**REQUIRED ACTION**. Write the records out again exactly, but without pictures.

**LISTED ENTRIES**.
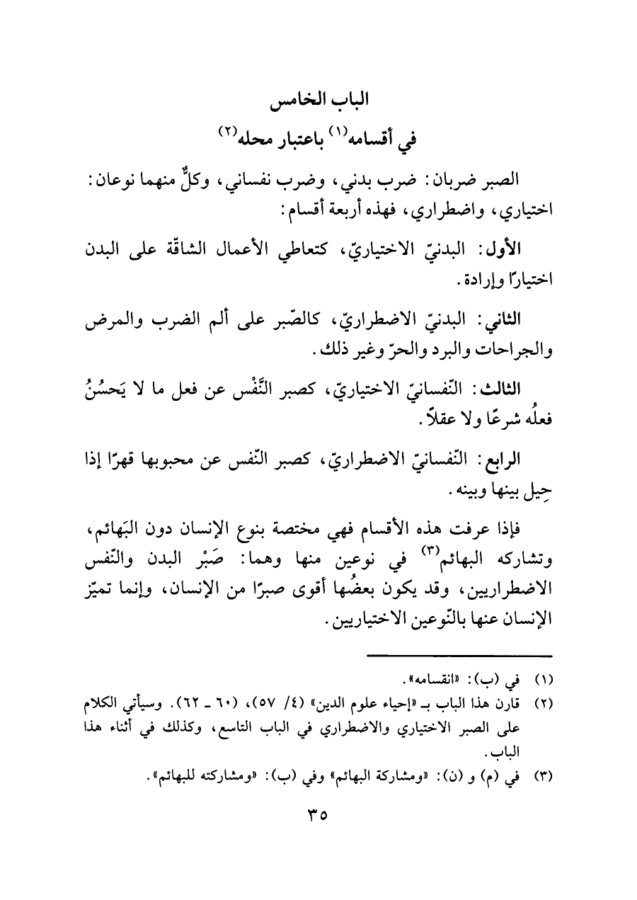 (¬٢) قارن هذا الباب بـ "إحياء علوم الدين" (٤/ ٥٧)، (٦٠ - ٦٢). وسيأتي الكلام على الصبر الاختياري والاضطراري في الباب التاسع، وكذلك في أثناء هذا الباب.
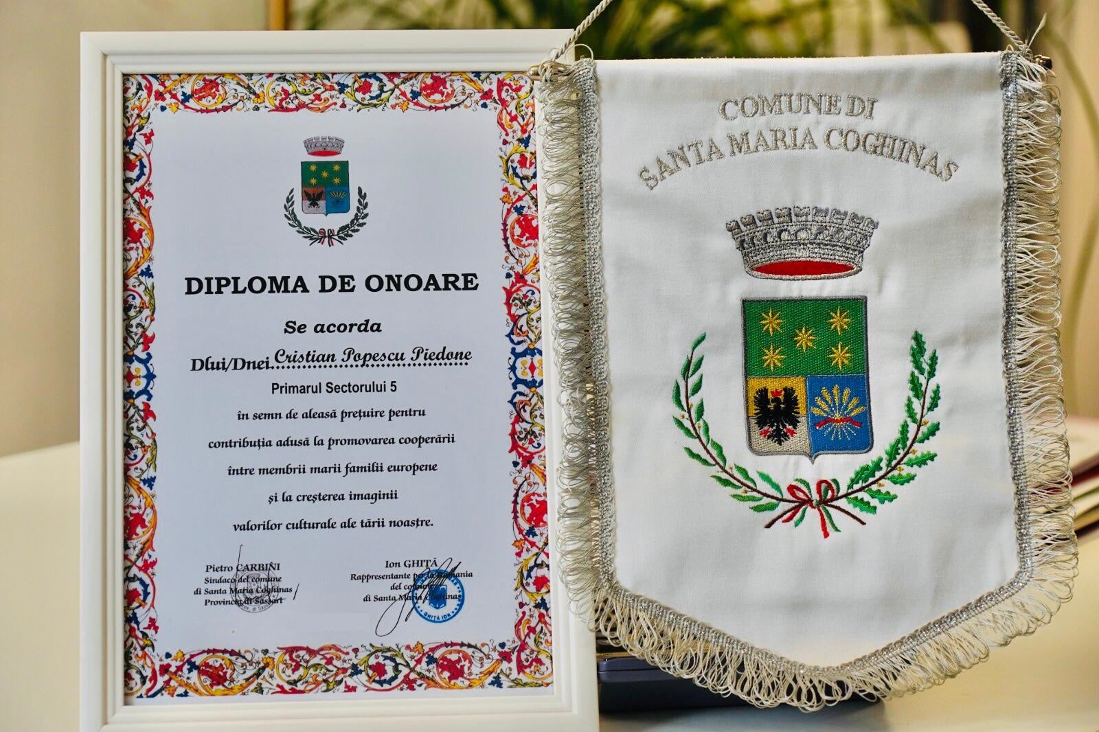 La sfârșitul întrevederii, primarul comunei Santa Maria de Coghinas i-a propus primarului Sectorului 5, Cristian Popescu Piedone, un acord de înfrățire între Sectorul 5 și comuna italiană pe care acesta o administrează.
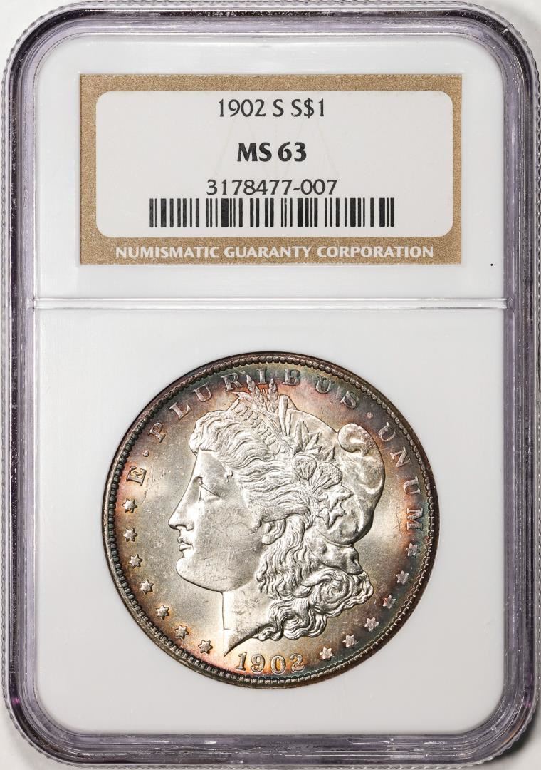 One 1902-S $1 Morgan Silver Dollar Coin NGC MS63 Amazing Color. NGC Certified.
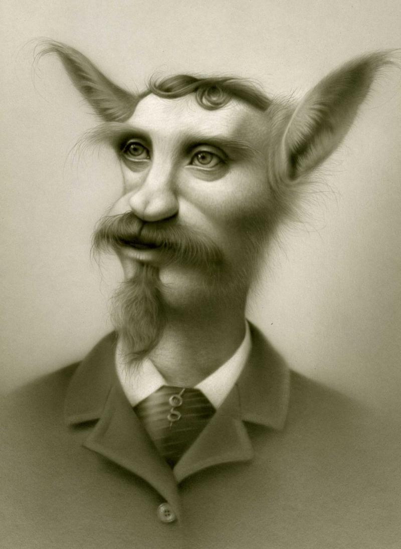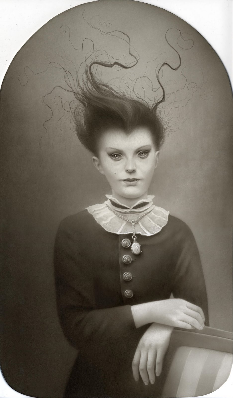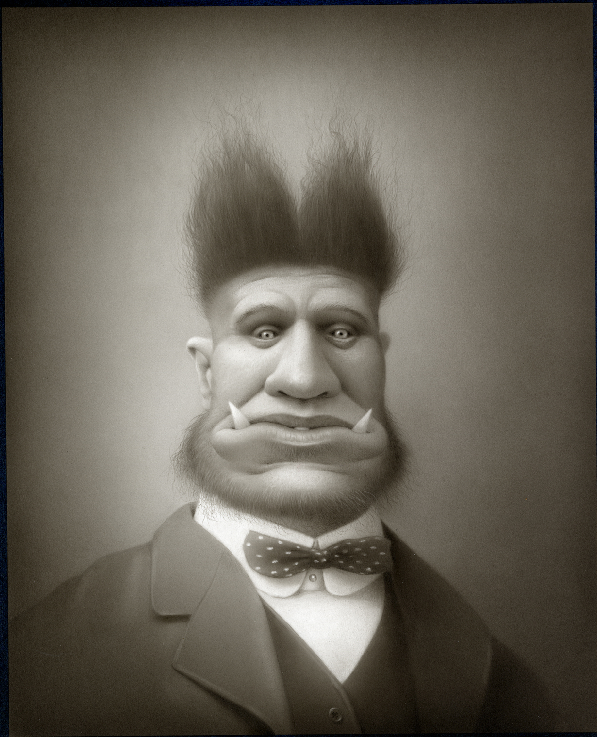 The influences for his work are many; the genre films, his fascination with human oddities, circus sideshows, old Vaudeville magic acts, Victorian portraits, and things otherworldly, are all blended together to enable him to bring life to the characters and stories he writes in his journals.
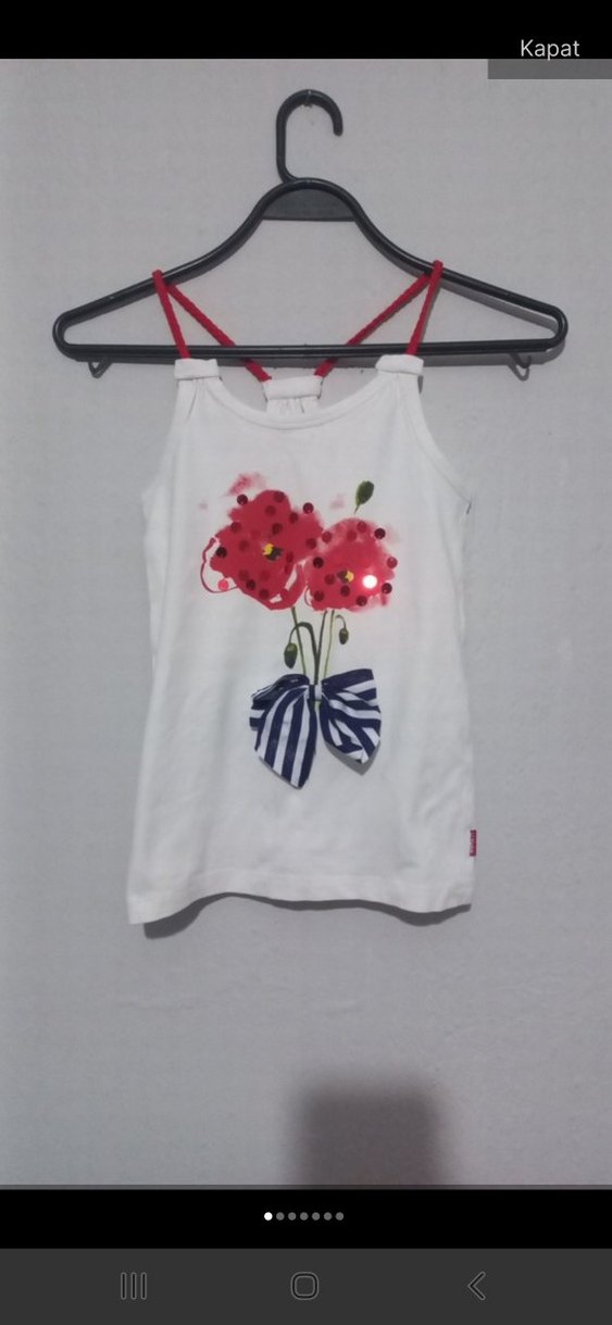 Kız çocukları için beyaz, fitted kesim, straplez, kırmızı payetli çiçek baskılı, kırmızı ince askılı, fırfırlı detaylı sentetik kumaştan atlet.

**TASK ANSWER**.
 (¬٢) قارن هذا الباب بـ "إحياء علوم الدين" (٤/ ٥٧)، (٦٠ - ٦٢). وسيأتي الكلام على الصبر الاختياري والاضطراري في الباب التاسع، وكذلك في أثناء هذا الباب.
 La sfârșitul întrevederii, primarul comunei Santa Maria de Coghinas i-a propus primarului Sectorului 5, Cristian Popescu Piedone, un acord de înfrățire între Sectorul 5 și comuna italiană pe care acesta o administrează.
 One 1902-S $1 Morgan Silver Dollar Coin NGC MS63 Amazing Color. NGC Certified.
 The influences for his work are many; the genre films, his fascination with human oddities, circus sideshows, old Vaudeville magic acts, Victorian portraits, and things otherworldly, are all blended together to enable him to bring life to the characters and stories he writes in his journals.
 Kız çocukları için beyaz, fitted kesim, straplez, kırmızı payetli çiçek baskılı, kırmızı ince askılı, fırfırlı detaylı sentetik kumaştan atlet.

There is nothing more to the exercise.